I only saw Twilight one time in theaters. I wouldn't even have considered myself a "Twilighter." I was the first to admit that they hype surrounding the movie was completely out of control. I read the books out of curiosity, but finished the franchise out of obligation. One wouldn't guess this, given that I read the books in record time (on my scale, of course). When Facebook status updates and flair boards read "I'm looking for my Edward" I was thinking "Oh, please. Can't we get over the mythical vampire dreamboat?" I mean, really, how healthy can it be for teenage girls to be lusting after a blood-sucking, whimsical guy, when REAL guys bring enough problems of their own??
So, last night when i bought the DVD (yes, it was actually a "stop" on the Saturday to-do list), I was eager to get my second-take. I wasn't terribly impressed the first time around, but because my infatuation with Robert Pattinson has bloomed, I felt the need to give it another chance. It took me two tries to get through it (given that I started it at 12:30 am), but finished this morning with just enough time to make it to church. I liked it more the second time, but for different reasons than I thought I would. Having experienced a few handfuls of life since I saw it last November, I picked up a few things that I didn't before.

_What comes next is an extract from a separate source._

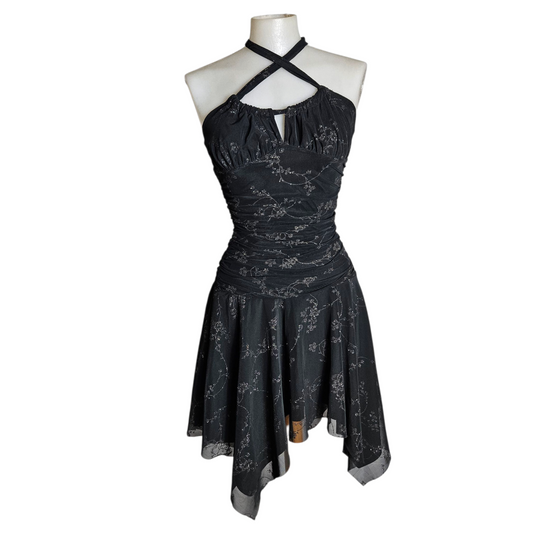 Robe asymétrique motif floral argenté

I love finding parallels to my life in movies, music lyrics, and TV shows, but I really didn't want to with Twilight. I was startled when two lines, in particular, struck me as pertinent - yes, the teenage vampire movie has application in real life! The first line is in the scene at the restaurant after Edward rescues Bella from the weasels in the dark alley. He says, "I feel very protective of you." I find this to be very endearing - and appropriate of any male/female relationship. Any good guy friend/boyfriend I have had has mentioned this to me one time or another. It is so important to me to know that the guys I am with feel the need to protect me. I'm one tough broad, and usually do pretty well on my own, but to know that someone else has my back, is truly a sign that someone cares for me.
The second line is in the hokey scene when Bella articulates to Edward that she knows what he is. He says to her, "You don't know how long I've waited for you." He knows that she is who he is meant to be with. I think we all feel this way at times - when we've met someone and the chemistry is just right. It hasn't happened to me more than a handful of times (with friends - girl and guy - and love interests), but you just know that you've met for a reason. I know, especially as single Latter Day Saints, we are constantly indoctrinated with the marriage spiel (as if we don't know that we should be getting married). We've all waited so long - and we will wait even longer, but I would rather wait FOREVER for someone who makes me feel this way than to settle for someone I have lukewarm attachment to.
Even in church today, Bishop Hanks taught Relief Society about dating and marriage and his wife mentioned that even in Twilight, Edward put Bella's needs above his own. He was always concerned about her well-being first and foremost - the same way that guys we date should be about us.
Oh, and did I mention, the movie has a great soundtrack??
So there you have it. I have likened Twilight unto my own life (as inappropriate or blasphemous as that is). Try not to judge too harshly. It was either this, or another post about how I'm losing a toenail due to my training. I picked this.